A sawbones (surgeon) and a mountebank (quack) may be poles apart, but they have something in common. Something other than medicine.

A skinflint (miser) and a spendthrift (one who is wasteful with money) also have something in common. Something other than money.

All four words are what we call tosspot words. The word tosspot literally means a drunkard, but the word itself is an example of a tosspot word.

A tosspot is a word coined by combining a verb and a noun, but the important thing is that the noun is the object of the verb. So pickpocket is a tosspot word because a pickpocket picks pockets; repairman is not, because a repairman does not repair a man, unless you call your doctor a repairman (better to call them sawbones).

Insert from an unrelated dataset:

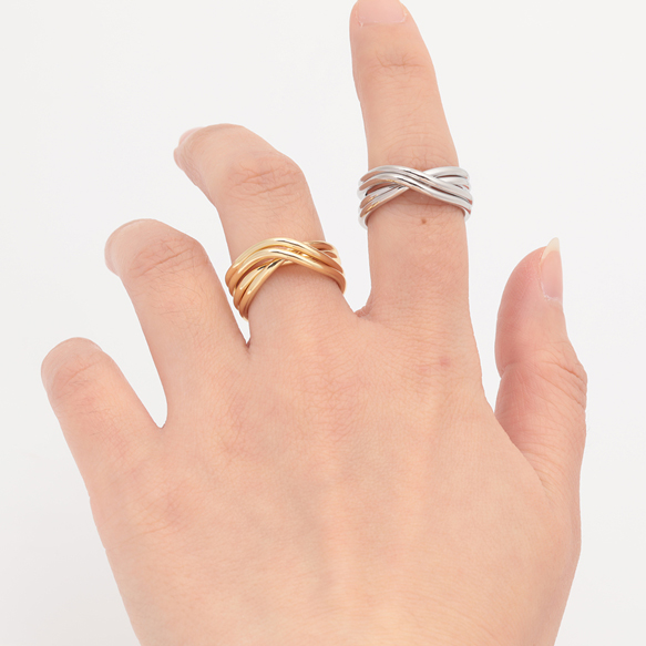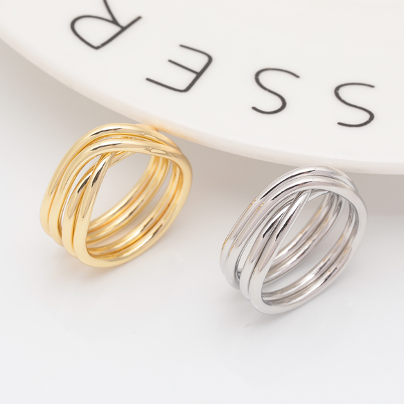 卸売デザインリング 四連クロス 指輪 メタル オープンリング 13号内径約17mm(幅約9mm)(1ヶ)

This week we’ll see five tosspot words in A.Word.A.Day. What tosspot words have you coined? Share them below or email us at words@wordsmith.org.

canker-blossom

PRONUNCIATION:
(KANGK-uhr-blos-uhm)

MEANING:
noun: One who destroys good things.

ETYMOLOGY:
From canker (to decay, infect, or corrupt), from Old English cancer (crab, tumor) + blossom (the mass of flowers on a plant). Earliest documented use: 1600, in A Midsummer Night’s Dream.

USAGE:
“Remember when Eric Clapton wasn’t such an frothy, knotty-pated, canker-blossom?”
Making a Mix - Sean Beirne; New Haven Register (Connecticut); Feb 3, 2006.

“Hermia: O me! (to Helena) You juggler! You canker-blossom!
You thief of love! What, have you come by night
And stol’n my love’s heart from him?”
William Shakespeare; A Midsummer Night’s Dream; 1600.

A THOUGHT FOR TODAY:
We have come to a point where it is loyalty to resist, and treason to submit. -Carl Schurz, revolutionary, statesman, and reformer (2 Mar 1829-1906)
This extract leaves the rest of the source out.